I just finished a project that normally would take me 10 hours to write. It took 41/2. The final product wasn’t written by AI. But it helped me get there a lot faster.

And on the visual end, we’re starting to do that. With things that create, we’re still exploring and finding issues. But we’re starting to use some AI-generated visuals. Again, it may not be the final thing we produce but it could accelerate the process.

Does that jibe with everyone else’s experiences?

FARRIS: We’ve found that it’s useful also. From a volume standpoint, when you need a lot [of content],  it’s going to shoot out a lot. Now, you don’t want to automatically believe what it says is correct.

BAYLEY: Yes.

CROSS: Right.

FARRIS: I found that out the hard way. Certainly when you’ve got to write something long, AI is useful. I’ve got three apps on my phone now that I purchased that we’ve been using aspects of it. You want to use it for customer relationship management.

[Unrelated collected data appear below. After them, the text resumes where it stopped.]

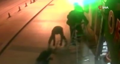 Bu sırada kaçarken güvenlik kameraları levye ile kırmaya kalkışan soyguncular, yanlarında getirdikleri seyyar merdiveni döviz bürosu önünde bıraktı.
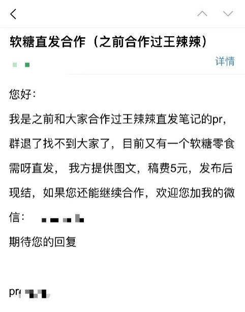 小红书素人博主小刘则分享了自己的亲身经历:某品牌PR给她发邮件称需要软糖零食图文直发,由品牌这边提供内容,博主只需要发布即可,稿费5元,发布后现结。小刘对此感到非常不解,“之前有品牌合作,还会寄送产品试用,现在连产品都不用见到,就可以直接发内容了,这样的操作难道不违规吗?完全违背了分享自己生活的初衷啊。”
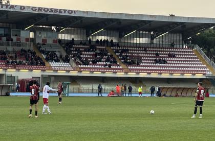 Sul terreno del Grosseto, i rossoneri recuperano a tempo scaduto una gara che sembrava ormai persa con il Belvedere che passato in vantaggio è stato recuperato solo a tempo scaduto e dopo che la formazione di mister Pirozzi aveva sbagliato anche un rigore. Un pari che lascia a desiderare come gioco espresso, per alcune lacune difensive e certi limiti offensivi, ma che lascia immutata la classifica al vertice visto il pari casalingo della Zenith. Mister Pirozzi sorprende un po' tutti e schiera una formazione con due terminali offensivi, (Piazze e Camilli) con Palma trequartista, ma la notizia del giorno è il recupero finalmente tra i titolari di Picchi. Caggianese e Colferai (il secondo un po' acciaccato) sono in tribuna.

You used to have just a chat feature on websites. But, is it better to have a chat feature that’s connected to AI so that you can get questions answered right there? You don’t have to have somebody live waiting. That’s something we’ve been doing for a couple of years. That’s been available. It’s not something we invented or created.

You experiment with AI from a copywriting standpoint. But like an old teacher used to say, “Just ’cause you own a typewriter doesn’t mean you’re a good writer.” And so, even if you have AI, how do you recognize what’s good and what isn’t?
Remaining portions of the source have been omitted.